◆ Required action: Restate every line of the data word for word, except for the images.

◆ Data segment:

■ ■ ■ ■ ■ ■ ■

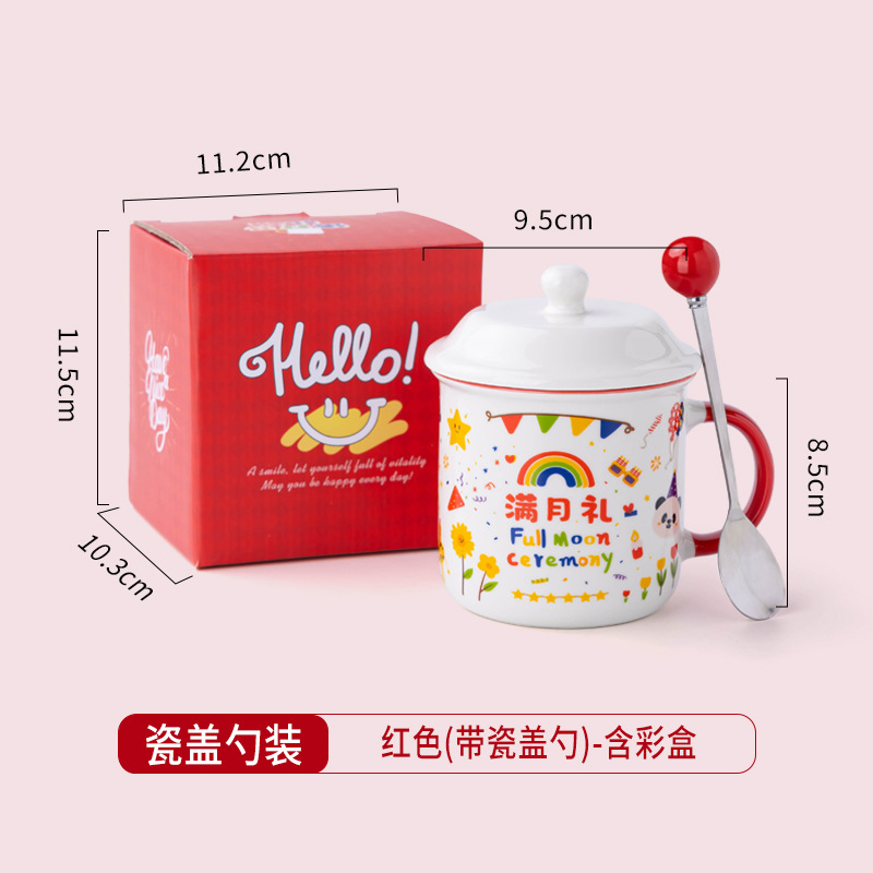 Подарок в полнолуние (чашка из искусственной эмали с красной фарфоровой крышкой и ложкой) - включая цветную коробку
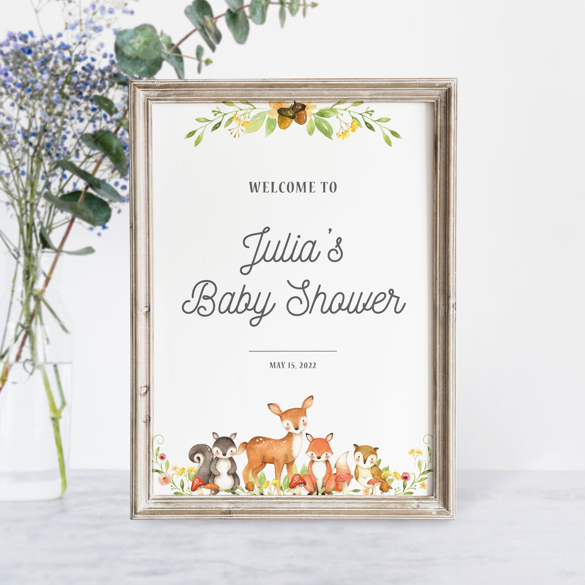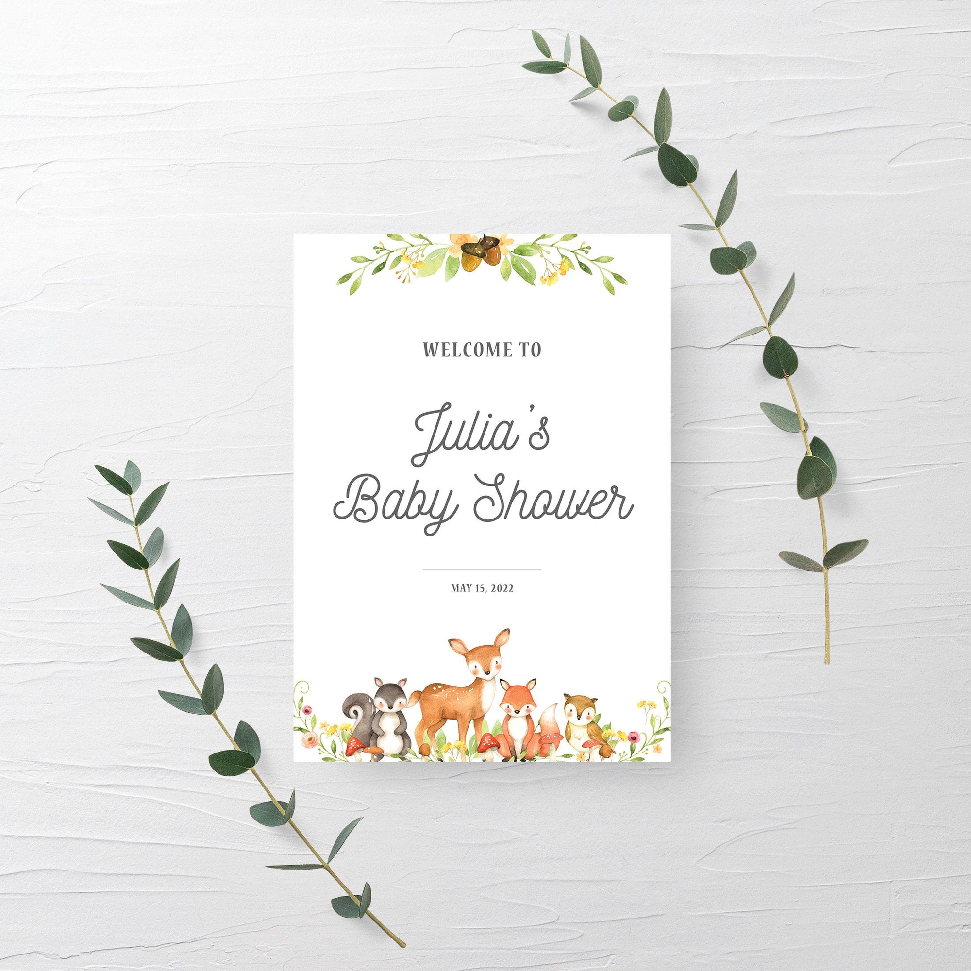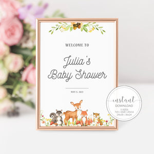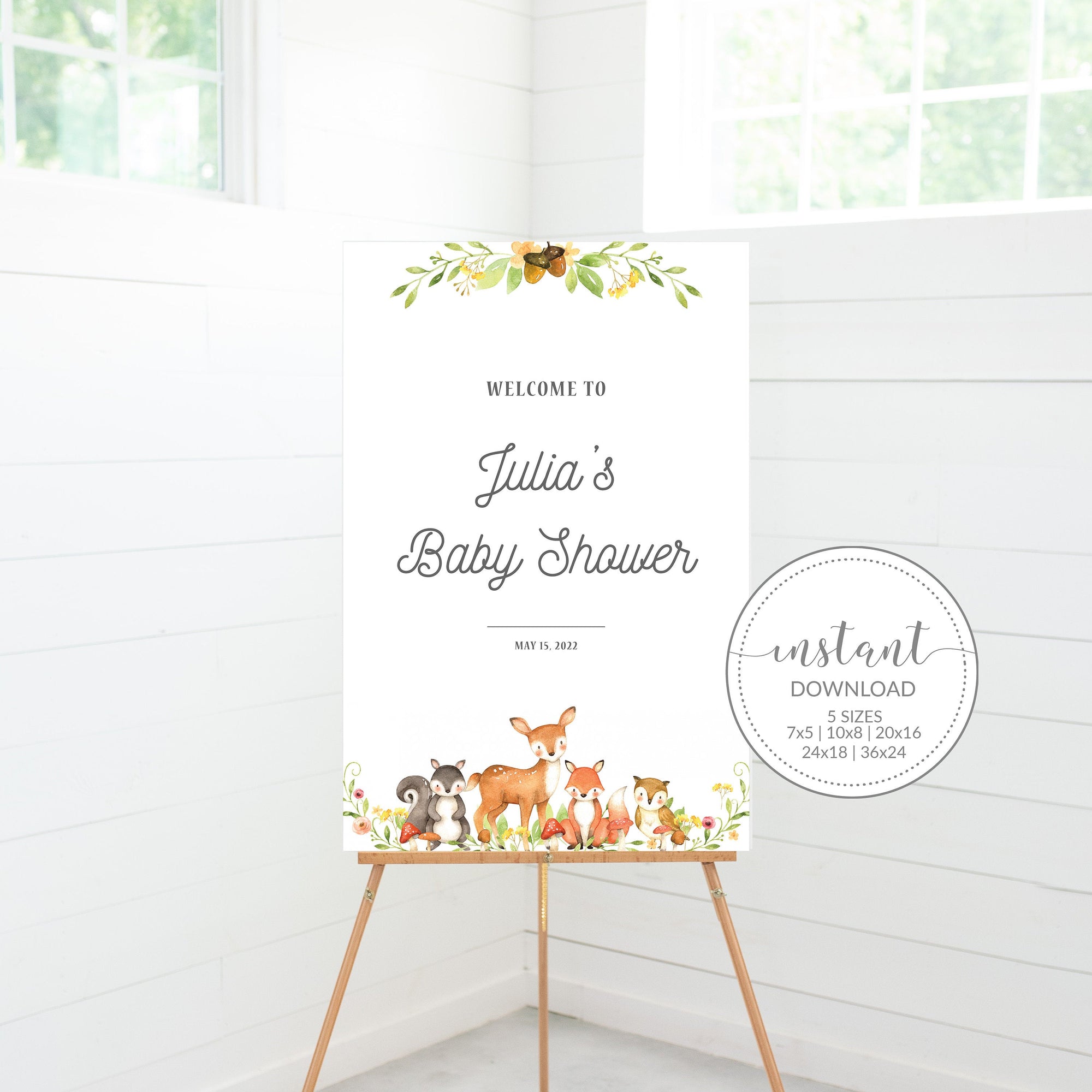 This woodland baby shower welcome sign is available as an INSTANT DOWNLOAD editable template. Edit right in your browser using the online program, Templett. No software to download or fonts to install and you can even try it out before you buy!
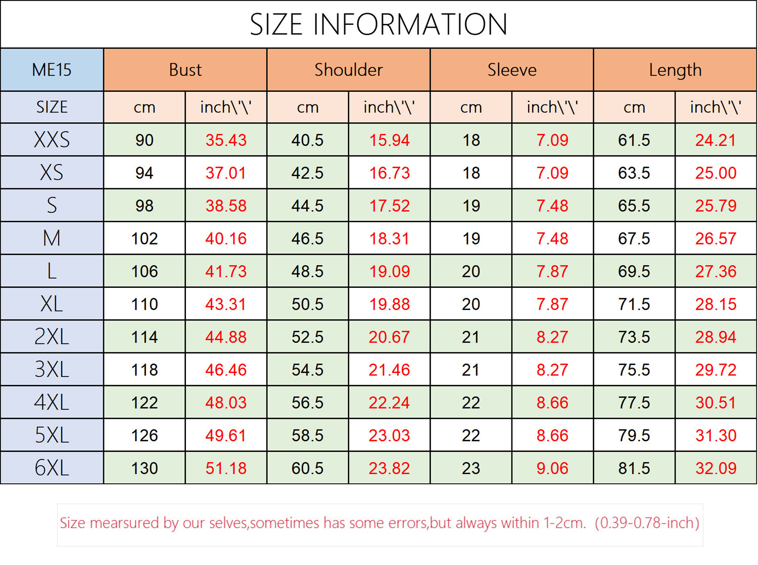 Size: XXS,S,M,L,XL,2XL,3XL,4XL,5XL,6XL
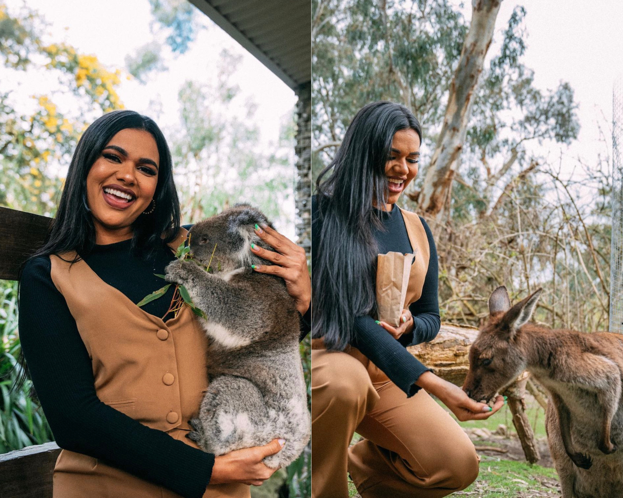 Já nesta quarta-feira (25), Jéssica publicou imagens conhecendo dois dos maiores símbolos da Austrália: o coala e o canguru. “Ainda tenho tantos registros para compartilhar com vocês”, disse.

■ ■ ■ ■ ■ ■ ■

◆ Task answer:
 Подарок в полнолуние (чашка из искусственной эмали с красной фарфоровой крышкой и ложкой) - включая цветную коробку
 This woodland baby shower welcome sign is available as an INSTANT DOWNLOAD editable template. Edit right in your browser using the online program, Templett. No software to download or fonts to install and you can even try it out before you buy!
 Size: XXS,S,M,L,XL,2XL,3XL,4XL,5XL,6XL
 Já nesta quarta-feira (25), Jéssica publicou imagens conhecendo dois dos maiores símbolos da Austrália: o coala e o canguru. “Ainda tenho tantos registros para compartilhar com vocês”, disse.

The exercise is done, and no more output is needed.